Tuesday, November 17, 2015

How much is a kidney worth

This is really hard question. Clearly, to a recipient especially those in dire need of it is worth a lot. Further, given that with the exception of Iran no country allows the sale of kidneys. But here are some data points.


Risks associated with kidney donor


This data is from WaitList Zero, an advocacy site for kidney donors.
  • Chance of death during surgery:
    • Risk of death in surgery is 0.031% (3.1 in 10,000) for all donors.
    • Risk of death in surgery is 0.013% (1.3 in 10,000) for donors without hypertension.
  • Risks from surgery related complications: Based on 2010 study with 6331 donor between 1995 and 2005 findings were 
    • Kidney donation was associated with an 18.4% complication rate.
    • Reported complications included bleeding (4.3%), infection (4.2%); and respiratory, (4.5%), Gastro-intestinal, (6.1%) urinary (1.7%) tract complications.
    • Complications were most pronounced in older, obese, and hypertensive donors.
    • High volume hospitals (>50/year) were associated with significantly lower complication rates.
Here is a sobering article from NPR  on organ donation consequences for some donors. The article is stating that the data on long term effect of donation on donors is scant and advocates that the system should track donors for a longer period and more consistently to monitor for long term effects. 

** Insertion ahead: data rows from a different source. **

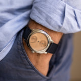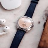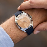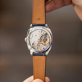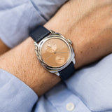 The objective of the Galet Square is to have a presence on the wrist, whilst maintaining the classic “pebble” design from which the watch is inspired. The case is polished in a mirror finish and the crown is engraved.
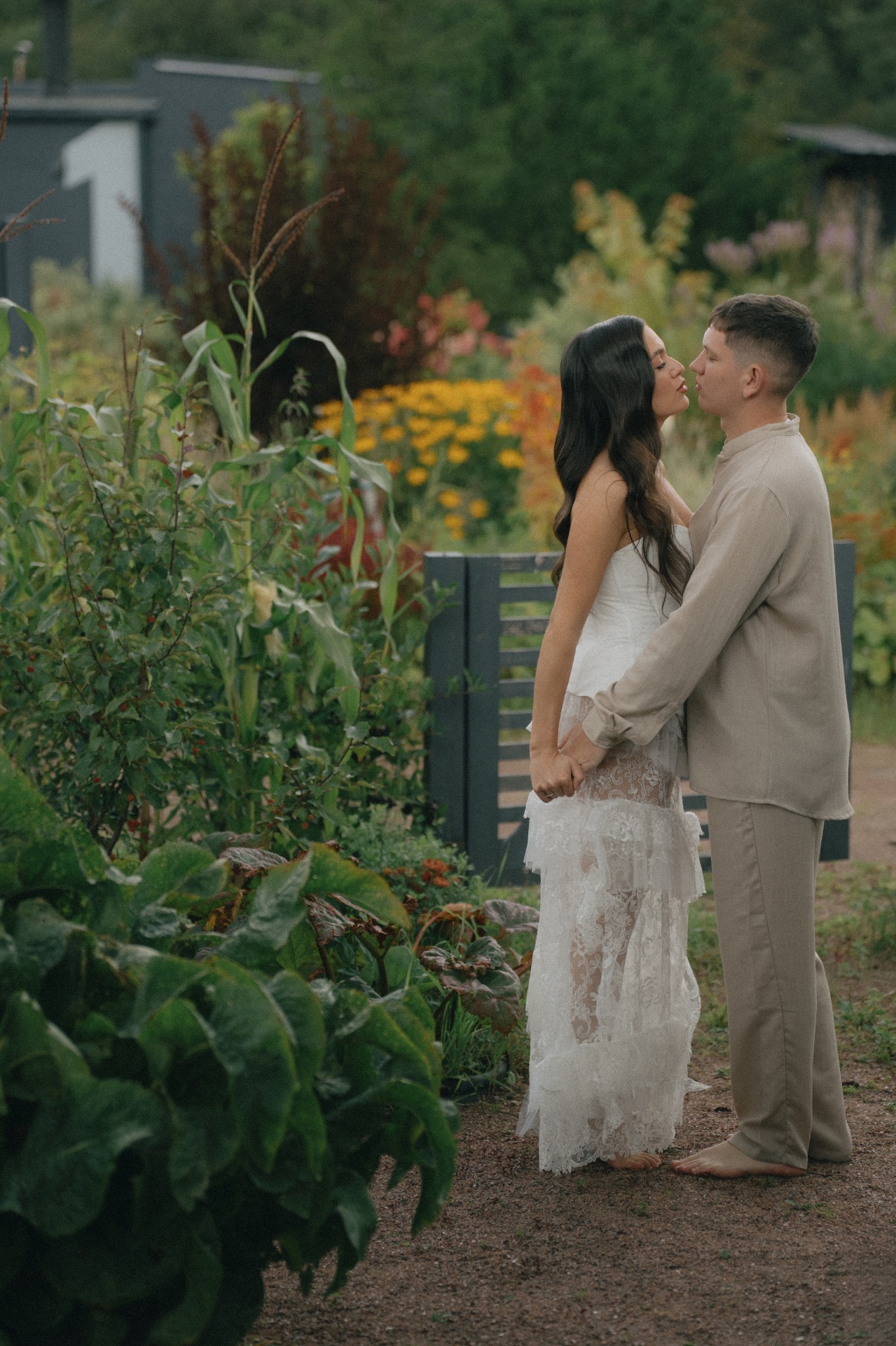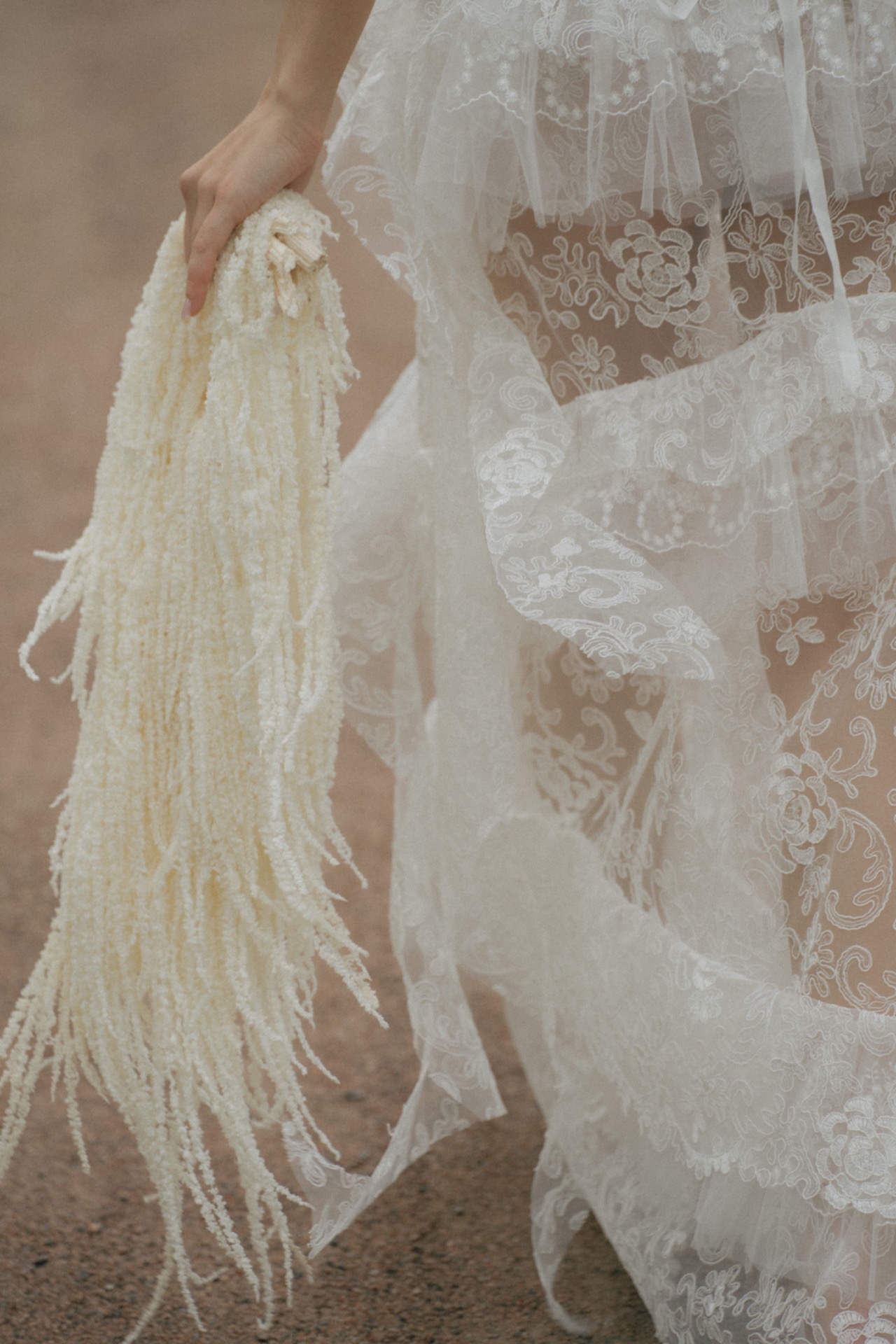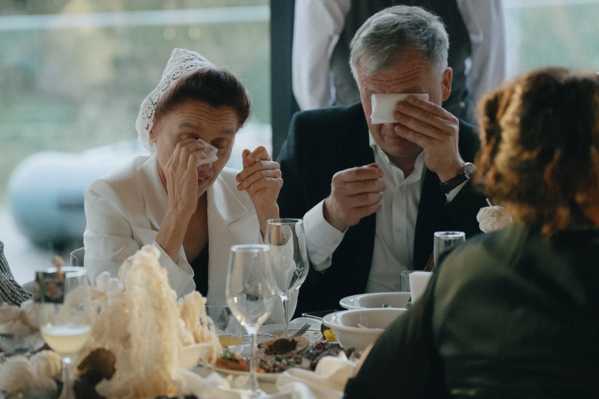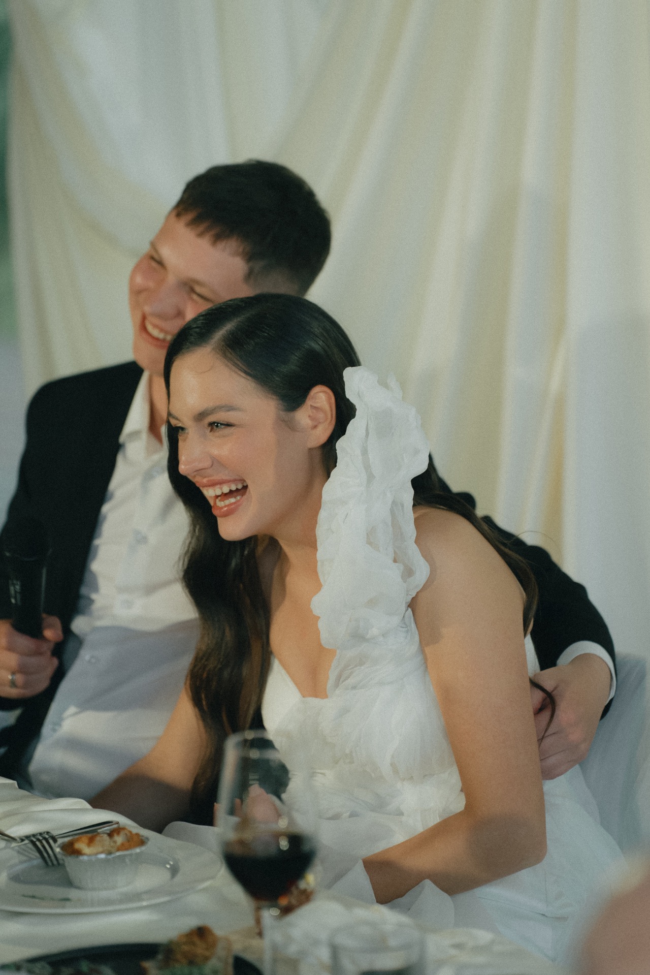 Мы решили разделить утренние сборы и банкет. Утром мы были предоставлены только друг другу: романтичная прогулка по полю, знакомство с животными и уединённый пикник. А вечером перед нами и гостями предстали величие новых форм, драпировок, текстур и света. Всё это стало воплощением союза двух противоположностей: простого и открытого — с творческой и глубокой натурой.
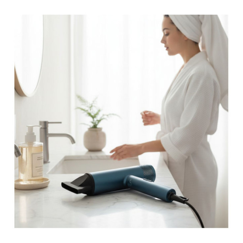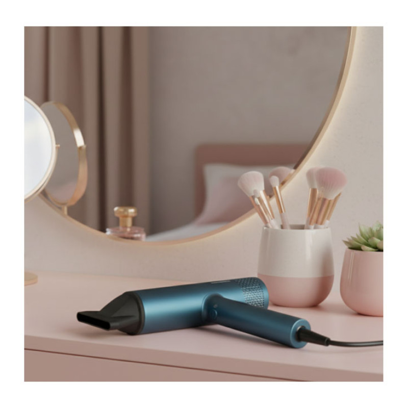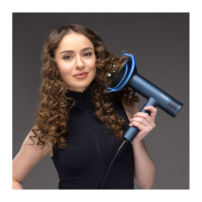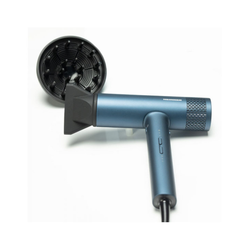 Heinner HHD-Y18BLDC-BL hair dryer with a powerful 1800 W BLDC motor ensures fast drying and precise styling. Negative ion technology helps reduce frizz and enhance shine, while magnetic accessories provide convenient use.

Last marathon run on two kidneys

Ran my 15th marathon on Saturday, Nov 15th. Finished in 3 hr 29 min. This was my second best time ever (and fastest in the last 15 years). It was so good that my finishing time meets the qualifying time for my age group (in 2017 by which time I will be 50). The transplant unit in Madison wanted a gap of at least 10 days from the time of the marathon and the surgery.  There is no data/study to support this recommendation. Three days after the race I feel completely fine and it appears to me (on the outside) that my body (and kidneys) have completely recovered.

The doctors have assured me that one kidney will not affect my running in any noticeable way. I should ensure that I am hydrated but that is good advice even for people with two kidneys.
To keep myself motivated and test this theory, I have a personal goal to finish another marathon within one year (on one kidney) and finish within 10 minutes of the above time. 

Tuesday, November 10, 2015

Some statistics about kidney transplants

Here is an excerpt from an article from New York times

Last year in the United States, more than 4,000 people died while on the waiting list for a new kidney. An additional 3,600 people left the list when they became too sick for a transplant.
The kidney shortage is a global problem. The world’s need for kidneys is growing alarmingly — largely because kidney failure is one consequence of diabetes and high blood pressure. Yet the supply has barely increased. In 2014, there were 17,106 kidney transplants in the United States, but more than twice that many people went on the waiting list.
In the coming days, I will post more on what is being done to address this gap. In the meanwhile I am eager to get comments. 

Good for you

When people find out my upcoming organ donation, I get a range of comments usually with adjectives like generosity, admirable, courage, sacrifice, etc. The one I like the most is when someone says "good for you" and typically this is often said by strangers like a nurse, technician, etc when they find out about it.  

So in my own way, I was trying to list why it was good for me and then I found this list in WaitlistZero which pretty much captures it. 

Benefits reported in the scholarly literature include
  • Deep gratification in helping another person. 
  • Desire to improve the recipient’s quality of life and health
  • Improving their own quality of life
  • Avoiding the loss of the loved one
  • Improving the quality of life for the recipient
  • Increased self-esteem
  • Improved relationship with the recipient
  • Positively influencing the lives of family and loved ones.

There is additional research on well-being/happiness that indicates gratitude can increases happiness, so there is additional derived benefit.